The rank of a skew-symmetric bilinear form is the minimum number of vectors in terms of which it can be expressed. We may think of a skew-symmetric bilinear form b on V as being in \wedge^2V^*. If b can be written in terms of \varepsilon^1...\varepsilon^r, then we may discard any independent \varepsilon^i's and extend to a basis, getting

b = b_{ij}\varepsilon^i \otimes \varepsilon^j, \enspace\enspace \text{where } b_{ij} = 0 \text{ unless } i,j \leq r,

=b_{ij}\varepsilon^i \wedge \varepsilon^j, \enspace\enspace \text{since } b_{ij} = -b_{ji},

so it does not matter, in the definition of rank, whether the mode of expressing b is in terms of tensor products or exterior products.

- Bishop & Goldberg: Tensor Analysis on Manifolds, Dover 1980, §2.23, pp. 111-112

Given that Bishop and Goldberg's definition of the exterior product is

\alpha \wedge \beta := (\alpha \otimes \beta)_a

where

\omega_a(v_1,...,v_s):=\frac{1}{s!}\sum_{(i_1,..., i_s)}\text{sgn}(i_1,...,i_s)A(v_{i_1},...v_{i_s}),

giving, in this case,

\alpha\wedge\beta=\frac{1}{2}(\alpha\otimes\beta-\beta\otimes\alpha),

am I right in thinking that the coefficients b_{ij} in the quote above are not b(e_i,e_j), but rather b_{ij} = 2b(e_i,e_j)?

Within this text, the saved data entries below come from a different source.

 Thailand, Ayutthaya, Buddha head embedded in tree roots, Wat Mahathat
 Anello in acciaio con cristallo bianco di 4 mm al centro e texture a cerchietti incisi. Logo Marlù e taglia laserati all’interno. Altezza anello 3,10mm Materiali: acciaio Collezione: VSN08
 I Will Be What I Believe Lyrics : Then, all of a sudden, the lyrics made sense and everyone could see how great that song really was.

By (e_i), I mean the basis for V with dual basis (\varepsilon^i).

[Rasalhague]

Ah, no, looking again at this, I think they must mean the usual coefficient b_{ij}=b(e_i,e_j) after all.

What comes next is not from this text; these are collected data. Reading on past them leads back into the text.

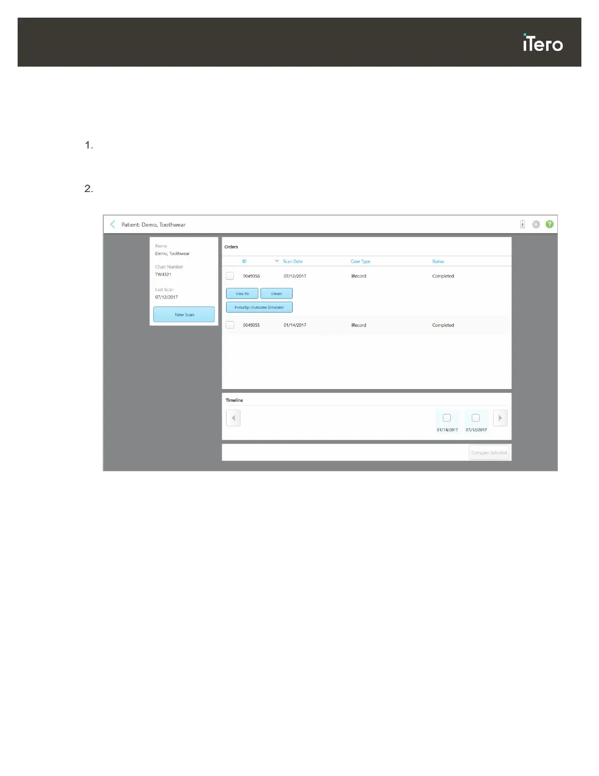 o Compare 2 previous scans using iTero TimeLapse technology, described in section 5.5.1
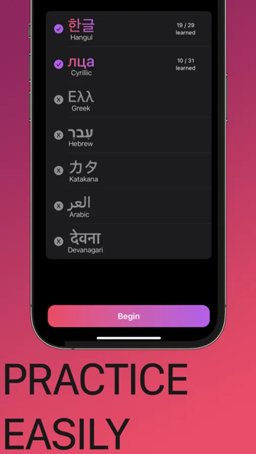 - Learn 7 different alphabets (Hangul, Cyrillic, Greek, Hebrew, Katakana, Arabic, and Devanagari), with more coming soon!
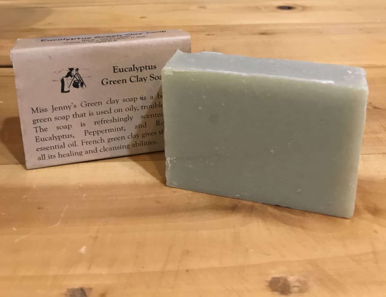 Miss Jenny’s Eucalyptus Green Clay Soap is a beautiful green soap that is used on oily, troubled skin. The soap is refreshingly scented with Eucalyptus, Peppermint, and Rosemary essential oil. French green clay gives this soap all its healing and cleansing abilities. Bars average 4-5 oz (weight).
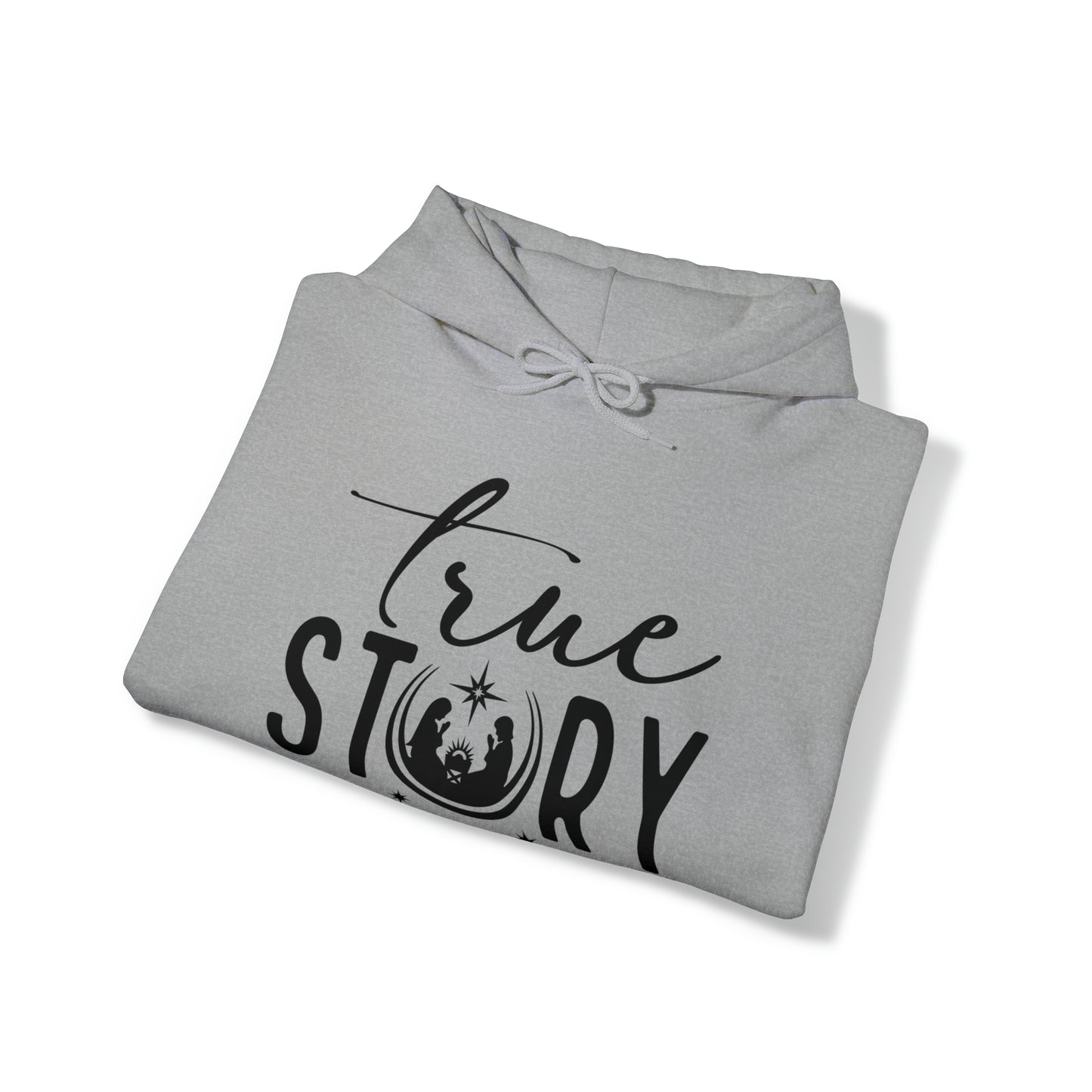 True Story Christian Christmas Hoodie Sweatshirt, a meaningful and festive Christian hoodie that beautifully depicts the nativity scene, capturing the essence of the Christmas story.

A factor of 2 would be needed to convert components with respect to a tensor product basis (\varepsilon^i\otimes\varepsilon^j) for T^0_2 (all permutations of the indices) to the corresponding wedge product basis (\varepsilon^i\wedge\varepsilon^j) (only increasing permutations) for \wedge^2 V^*. But in this case, I think, they're not restricting the indices to only increasing permutations.

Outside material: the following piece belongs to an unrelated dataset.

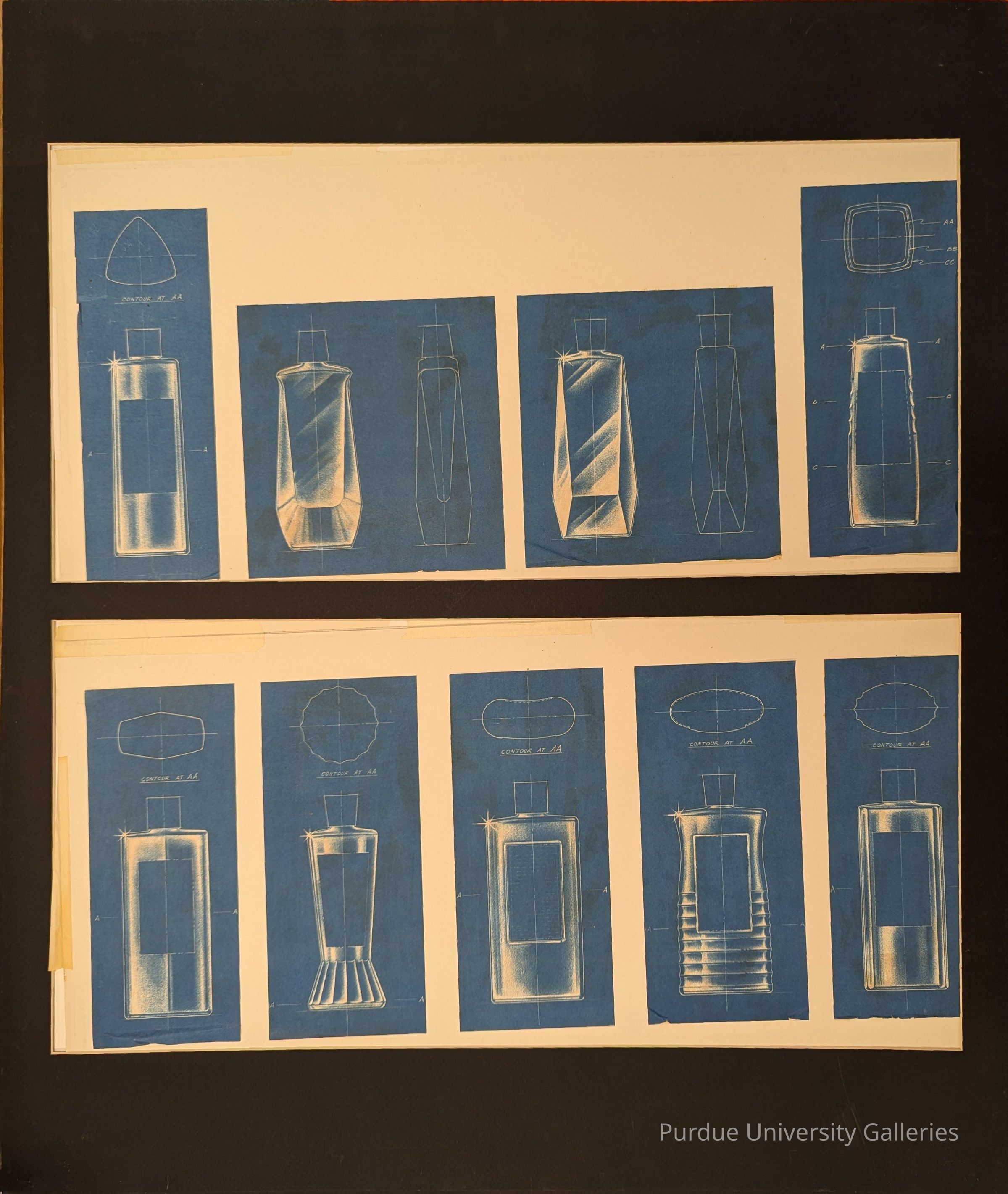 Blue and white prints of water bottles with front shaded views and side or bottom shape view.Collection

So, for example, if \text{dim} V = 3 and b=b_{12} \varepsilon^1\otimes\varepsilon^2 + b_{21} \varepsilon^2\otimes\varepsilon^1, where b_{12}=-b_{21}, we have

b=b_{12} \varepsilon^1\otimes\varepsilon^2 + b_{21} \varepsilon^2\otimes\varepsilon^1

=b_{12} \varepsilon^1\otimes\varepsilon^2 - b_{12} \varepsilon^2\otimes\varepsilon^1

=b_{12} (\varepsilon^1\otimes\varepsilon^2 - \varepsilon^2\otimes\varepsilon^1)

=\frac{1}{2}b_{12} (2\varepsilon^1\otimes\varepsilon^2 - 2\varepsilon^2\otimes\varepsilon^1)

=\frac{1}{2}b_{12} (\varepsilon^1\otimes\varepsilon^2 - \varepsilon^2\otimes\varepsilon^1 - \varepsilon^2\otimes\varepsilon^1 + \varepsilon^1\otimes\varepsilon^2)

=\frac{1}{2}b_{12} (\varepsilon^1\otimes\varepsilon^2 - \varepsilon^2\otimes\varepsilon^1) - \frac{1}{2}b_{12}(\varepsilon^2\otimes\varepsilon^ 1-\varepsilon^1\otimes\varepsilon^2)

=b_{12} \, \varepsilon^1\wedge\varepsilon^2 - b_{12} \, \varepsilon^2\wedge\varepsilon^1

=b_{12} \, \varepsilon^1\wedge\varepsilon^2 + b_{21} \, \varepsilon^2\wedge\varepsilon^1,

just as they claim.